● Exercise prompt: From the listing below, output the lines between the one with "Two hours from" and the one with "コーケンのスタッドボルト抜き(インチサイズ)4個セット 4211A のご案内です。", including those two, and nothing else. Pictures are not copied.

● Data under study:
• • •

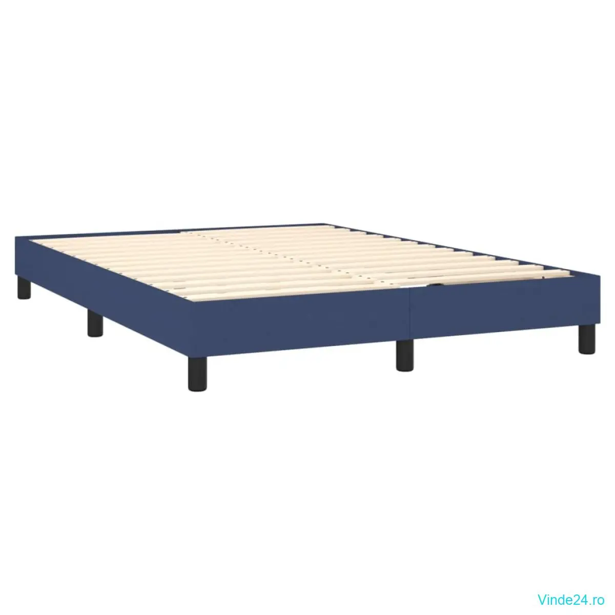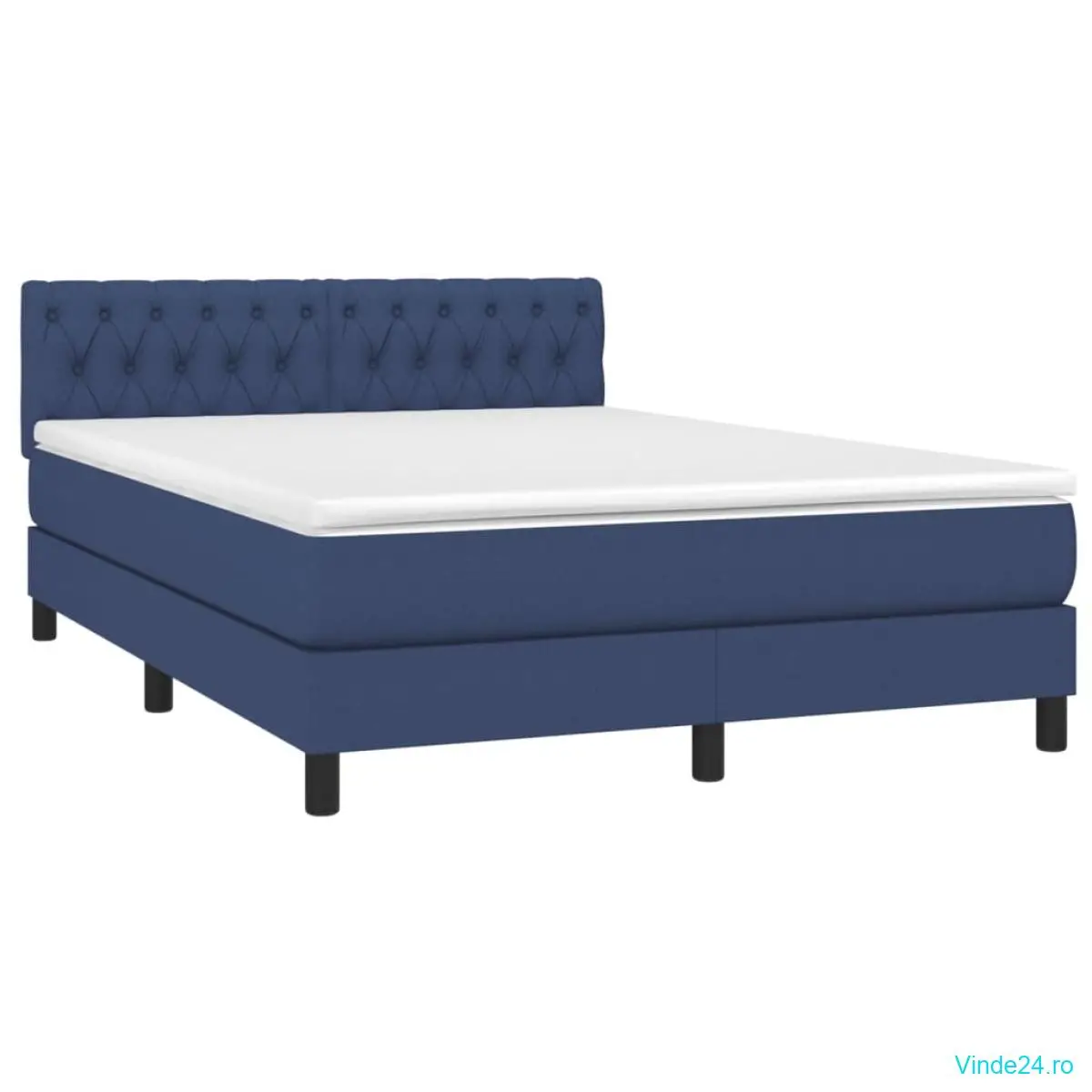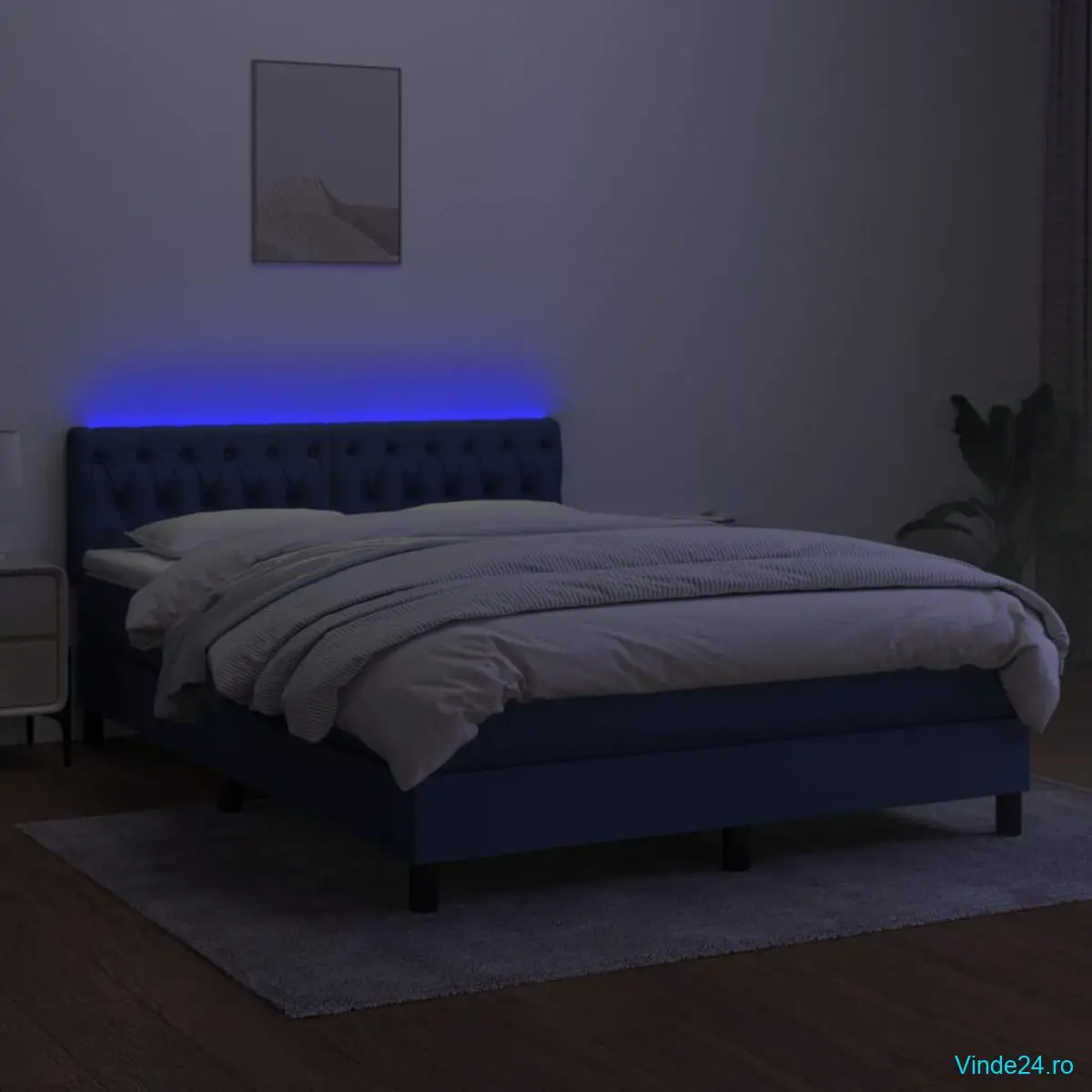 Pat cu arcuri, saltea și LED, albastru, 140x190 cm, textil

• • •

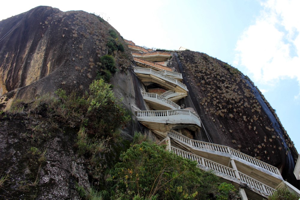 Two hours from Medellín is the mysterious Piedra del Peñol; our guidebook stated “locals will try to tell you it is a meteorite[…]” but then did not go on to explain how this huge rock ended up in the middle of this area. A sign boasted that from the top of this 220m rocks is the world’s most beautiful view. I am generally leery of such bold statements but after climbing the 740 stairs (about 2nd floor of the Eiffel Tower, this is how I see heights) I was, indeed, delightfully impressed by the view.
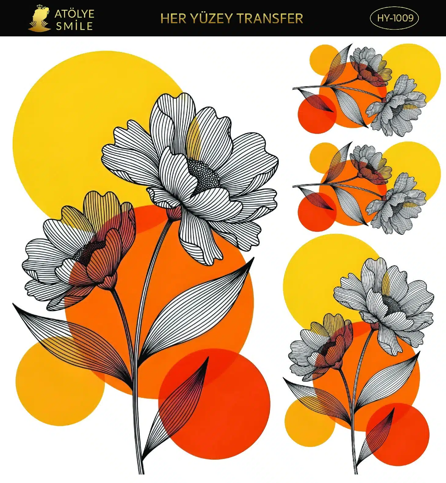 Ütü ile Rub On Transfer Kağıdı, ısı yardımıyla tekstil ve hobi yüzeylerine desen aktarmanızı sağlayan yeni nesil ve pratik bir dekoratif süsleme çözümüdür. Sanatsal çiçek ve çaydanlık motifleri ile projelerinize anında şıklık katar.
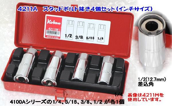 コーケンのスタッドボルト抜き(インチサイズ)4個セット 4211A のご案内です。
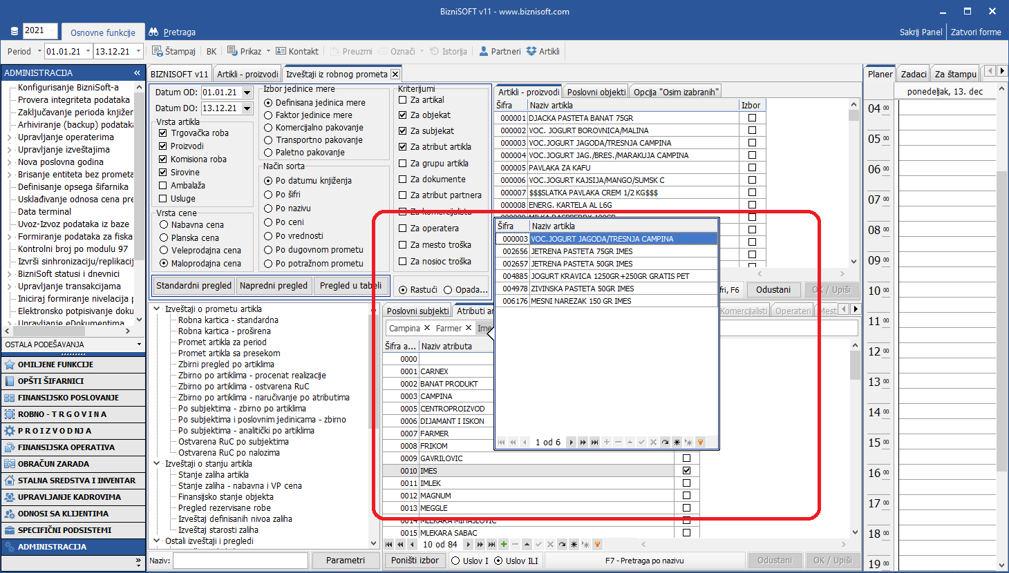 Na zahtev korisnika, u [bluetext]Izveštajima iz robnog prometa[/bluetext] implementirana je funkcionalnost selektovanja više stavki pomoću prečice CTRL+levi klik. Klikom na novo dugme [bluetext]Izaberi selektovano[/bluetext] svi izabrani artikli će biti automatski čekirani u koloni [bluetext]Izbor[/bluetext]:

• • •

● Answer space:
 Two hours from Medellín is the mysterious Piedra del Peñol; our guidebook stated “locals will try to tell you it is a meteorite[…]” but then did not go on to explain how this huge rock ended up in the middle of this area. A sign boasted that from the top of this 220m rocks is the world’s most beautiful view. I am generally leery of such bold statements but after climbing the 740 stairs (about 2nd floor of the Eiffel Tower, this is how I see heights) I was, indeed, delightfully impressed by the view.
 Ütü ile Rub On Transfer Kağıdı, ısı yardımıyla tekstil ve hobi yüzeylerine desen aktarmanızı sağlayan yeni nesil ve pratik bir dekoratif süsleme çözümüdür. Sanatsal çiçek ve çaydanlık motifleri ile projelerinize anında şıklık katar.
 コーケンのスタッドボルト抜き(インチサイズ)4個セット 4211A のご案内です。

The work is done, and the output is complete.